Jin, Y., Wu, X., Guan, Y., Gu, D., Shen, Y., Xu, Z., … Chen, J. (2011). Efficacy and safety of aprepitant in the prevention of chemotherapy-induced nausea and vomiting: A pooled analysis. Supportive Care in Cancer: Official Journal of the Multinational Association of Supportive Care in Cancer, 20, 1815–1822.

To evaluate the therapeutic efficacy and safety of aprepitant for the treatment of chemotherapy-induced nausea and vomiting (CINV) during the first five days following highly or moderately emetogenic chemotherapy

Databases searched were MEDLINE and Embase. Abstracts were searched in the American Society of Clinical Oncology, Cochrane Library, and National Cancer Institute.

Search keywords were aprepitant, MK-869, substance P receptor antagonist, NK-1 receptor antagonist, and chemotherapy-induced nausea and vomiting.

Studies were included in the review if they

• Were randomized controlled trials.
• Compared the efficacy of aprepitant with placebo or no intervention for the prophylaxis of CINV.
• Contained information regarding the complete control of vomiting or nausea during the first 24 hours or the first 24 hours after chemotherapy administration.
• Had at least 80% follow up.

Studies were excluded if they

• Involved patients receiving radiotherapy treatment.
• Only provided pharmacokinetic information.
• Included healthy people or animals.
• Involved patients with depression and other nervous system diseases.
• Had insufficient data on efficacy of aprepitant.
• Had subjects who were applied more than once.
   

• The total number of references initially identified was 327; of these, 29 were retrieved for detailed evaluation.
• The evaluation method was not specified.
• When abstracts and published articles were found on the same population, only the articles were used for analysis.
• When studies used a crossover design, only data during the first cycle was used for analysis.

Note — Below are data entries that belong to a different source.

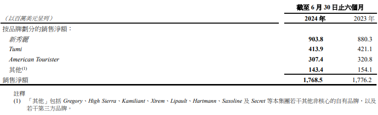 新秀丽2024年上半年业绩方面: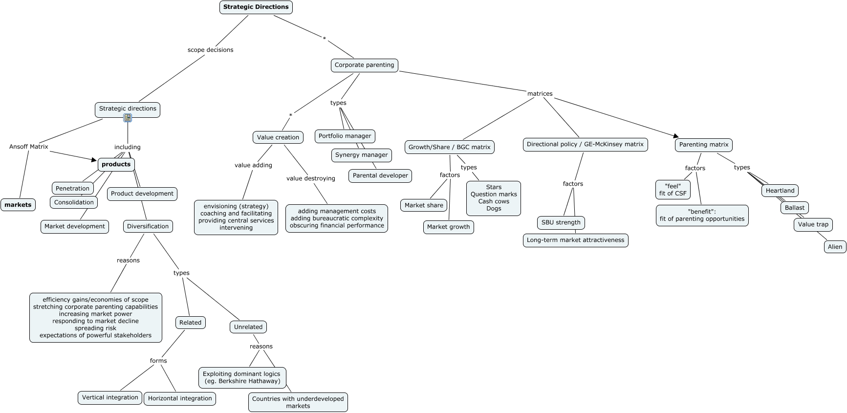 Tämä IHMC CmapToolsilla luotu käsitekartta sisältää tietoa, joka liittyy aiheeseen: Strategic directions, Strategic directions including Consolidation, Related forms Horizontal integration, Corporate parenting matrices Parenting matrix, Growth/Share / BGC matrix factors Market growth, Strategic directions Ansoff Matrix markets, Diversification types Related, Corporate parenting types Synergy manager, Parenting matrix factors "feel" fit of CSF, Unrelated reasons Countries with underdeveloped markets, Growth/Share / BGC matrix factors Market share, Related forms Vertical integration, Strategic directions Ansoff Matrix products, Parenting matrix types Heartland, Directional policy / GE-McKinsey matrix factors Long-term market attractiveness, Directional policy / GE-McKinsey matrix factors SBU strength, Corporate parenting matrices Directional policy / GE-McKinsey matrix, Diversification reasons efficiency gains/economies of scope stretching corporate parenting capabilities increasing market power responding to market decline spreading risk expectations of powerful stakeholders, Strategic directions including Market development, Strategic Directions * Corporate parenting, Strategic Directions scope decisions Strategic directions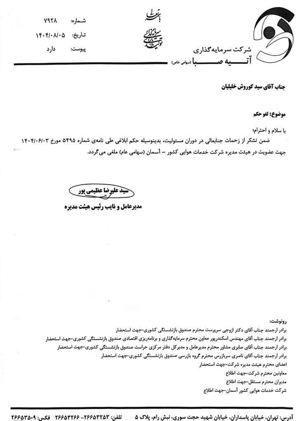 هیات مدیره شرکت هواپیمایی آسمان صبح امروز کوروش خلیلیان، مدیرعامل این شرکت را از سمت خود برکنار و محمد حیدری شالی را به عنوان سرپرست این شرکت معرفی کرد.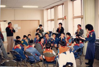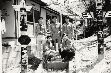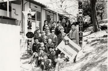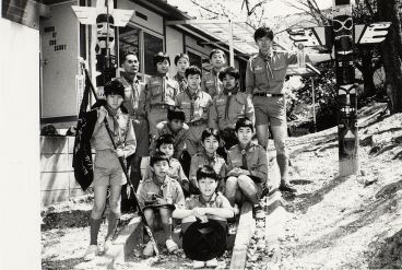 旧スカウトハウス、トーテンポール前で(1988年4月のものです。スカウトは何人か現役です。) |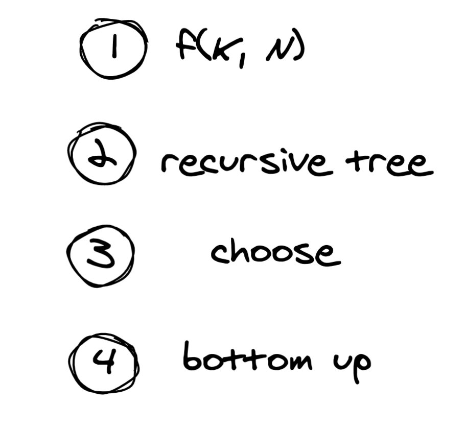 dp = [[0] * (N + 1) for _ in range(K + 1)]总结一下,上面的解题方法思路是: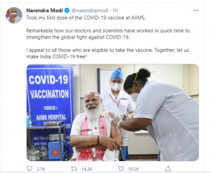सोमवार बिहान नयाँ दिल्लीको एम्स अस्पताल पुगेर खोपको पहिलो डोज लगाएको उनले ट्वीटमार्फत् जानकारी गराएका हुन् ।कोरोना खोप लगाएपछि मोदीले ट्वीटरमा फोटो सेयर गर्दै भारतको बायोटेक निर्मित कोभ्याक्सिनको पहिलो डोज लिएको जनाएका हुन् ।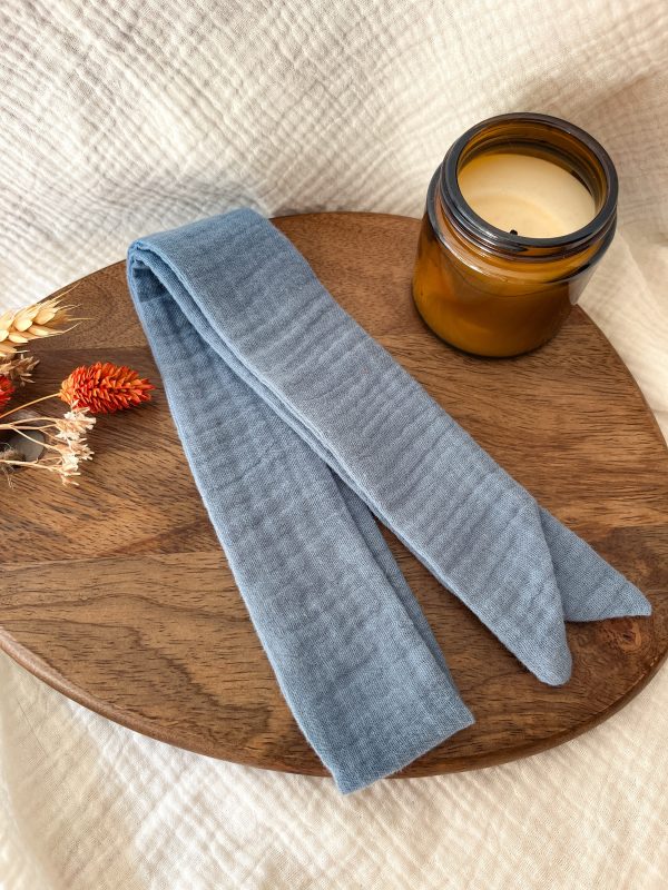 Foulard cousu à la main à Lille à partir de tissus de récupération, en gaze de coton bleu clair. À porter autour du cou, en bandeau autour de la tête, ou accroché à un chouchou pour le transformer en “foulchie”. Il apporte une touche d’élégance responsable à toutes vos tenues,…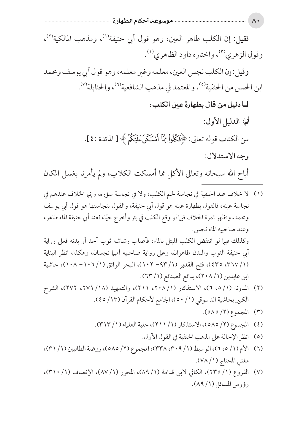 (¬١) لا خلاف عند الحنفية في نجاسة لحم الكلب، ولا في نجاسة سؤره، وإنما الخلاف عندهم في نجاسة عينه، فالقول بطهارة عينه هو قول أبي حنيفة، والقول بنجاستها هو قول أبي يوسف ومحمد، وتظهر ثمرة الخلاف فيما لو وقع الكلب في بئر وأخرج حيًا، فعند أبي حنيفة الماء طاهر، وعند صاحبيه الماء نجس.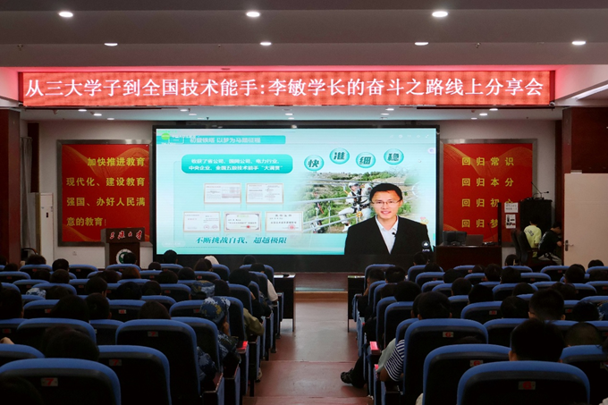 报告厅内,师生齐聚一堂,全程认真观看、仔细聆听。李敏以“登专业高峰,创无限可能”为题,结合自己扎根生产一线十余年的成长经历,用朴实生动的语言,分享了从一名普通技术工人逐步成长为行业技术能手的奋斗历程。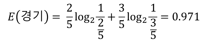 이때 목표 속성인 경기 참가의 엔트로피는 다음과 같다. 참가횟수가 3회이고 불참횟수가 2회이므로 참가할 확률은 3/5, 불참할 확률은 2/5이다.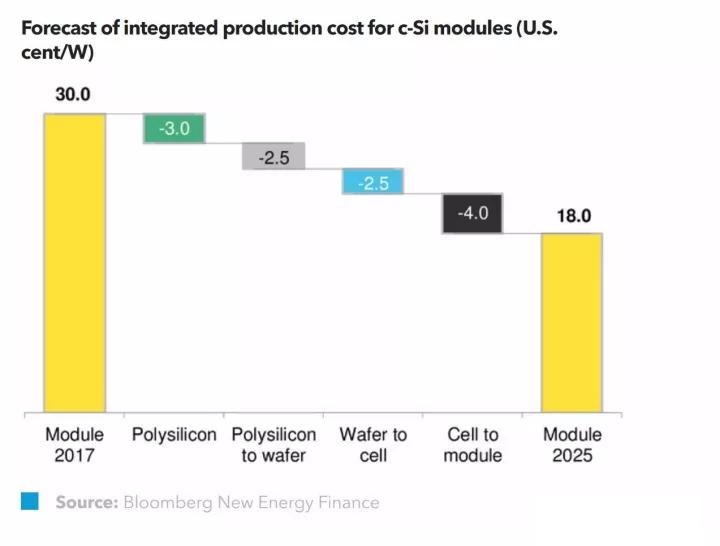 目前,全球光伏發(fā)電量占總發(fā)電量的比例少于2%,基于光伏技術(shù)成本的不斷下降,彭博新能源財(cái)經(jīng)預(yù)計(jì)在未來(lái)23年里將有4000GW新增裝機(jī)容量,且全球光伏發(fā)電量將于2040年增長(zhǎng)至17%。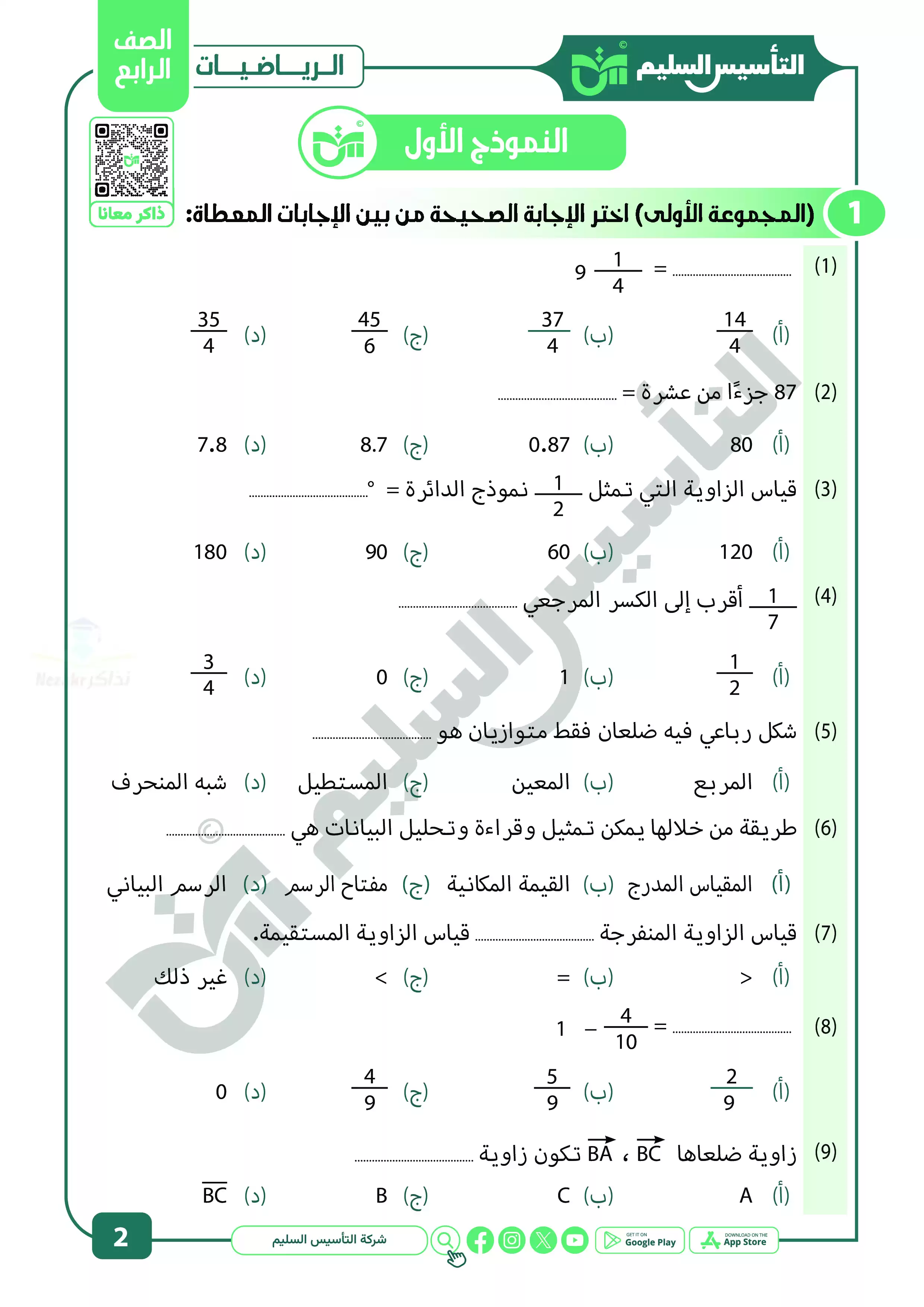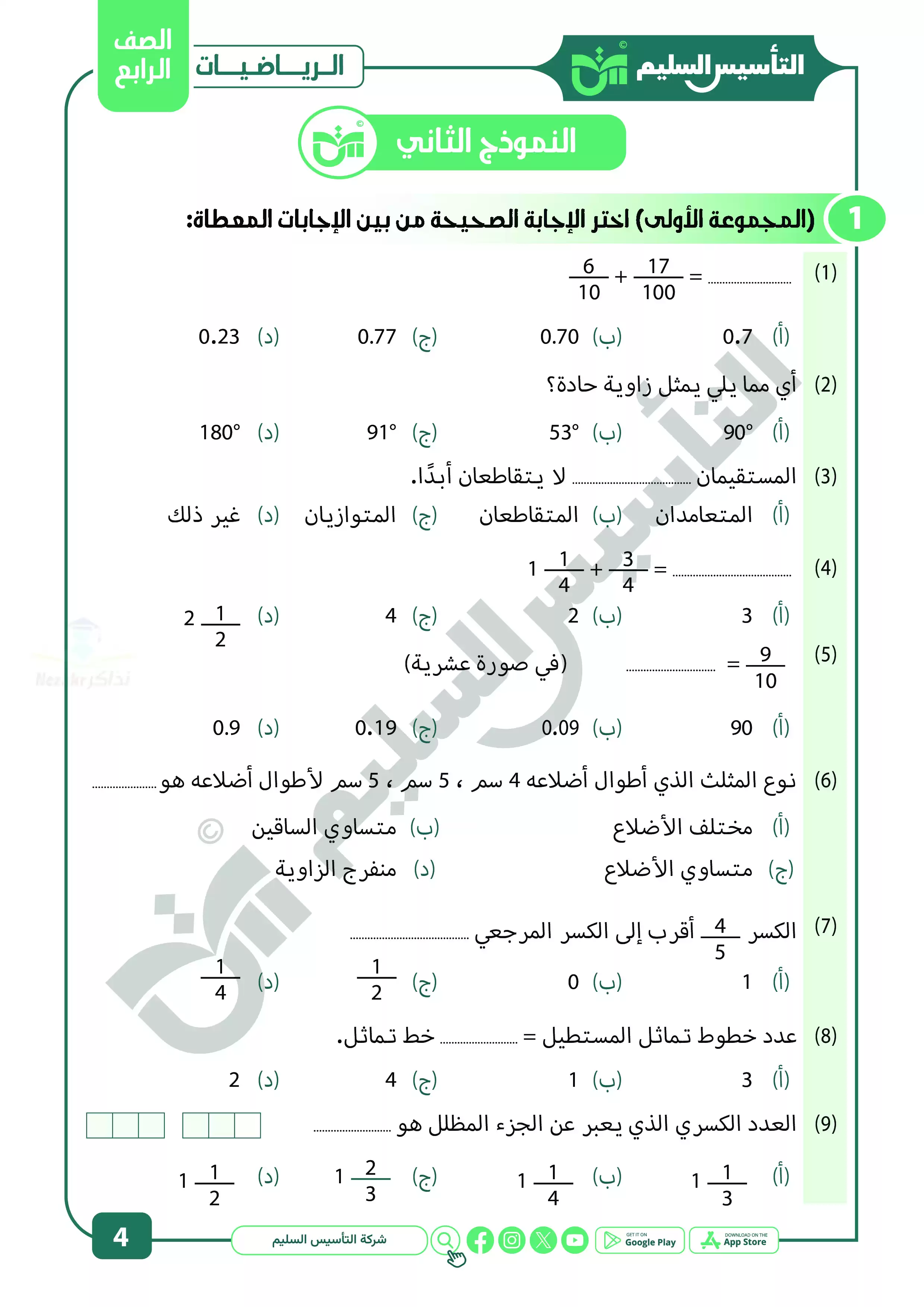 يُعد كتاب التأسيس السليم في الرياضيات للصف الرابع الابتدائي (الترم الثاني) من أفضل المصادر القوية في المادة العلمية، والتي توفر نماذج اختبارات متنوعة تغطي جميع دروس منهج الرياضيات للصف الرابع الابتدائي بشكل مبسط ومنظم.

• The final number of studies included was 15 representing a total of 4,798 patients (2,419 experimental and 2,379 control).
• The sample range across all studies was 45–866.
• Key sample characteristics were not specified.

All patients were in active treatment.

• Incidence of emesis was significantly reduced in the aprepitant group on the first day of chemotherapy (relative response [RR] = 1.13, 95% CI = 1.10–1.16). 
• Incidence of delayed nausea and vomiting from days 2–5 after chemotherapy was also significantly reduced (RR = 1.35, 95% CI = 1.22–1.48). 
• Aprepitant and ondansetron or granisetron demonstrated superior nausea and vomiting control compared to nonaprepitant regimens; however, aprepitant plus palonosetron did not show any superiority. 
• No significant differences were found regarding the occurrence of adverse effects in aprepitant versus control groups.

Aprepitant is effective in the prevention of delayed CINV. Aprepitant improves the antiemetic effect of ondansetron and dexamethasone in patients receiving cisplatin-based chemotherapy.

Aprepitant is effective and safe for the prevention of CINV in the acute and delayed phases of treatment.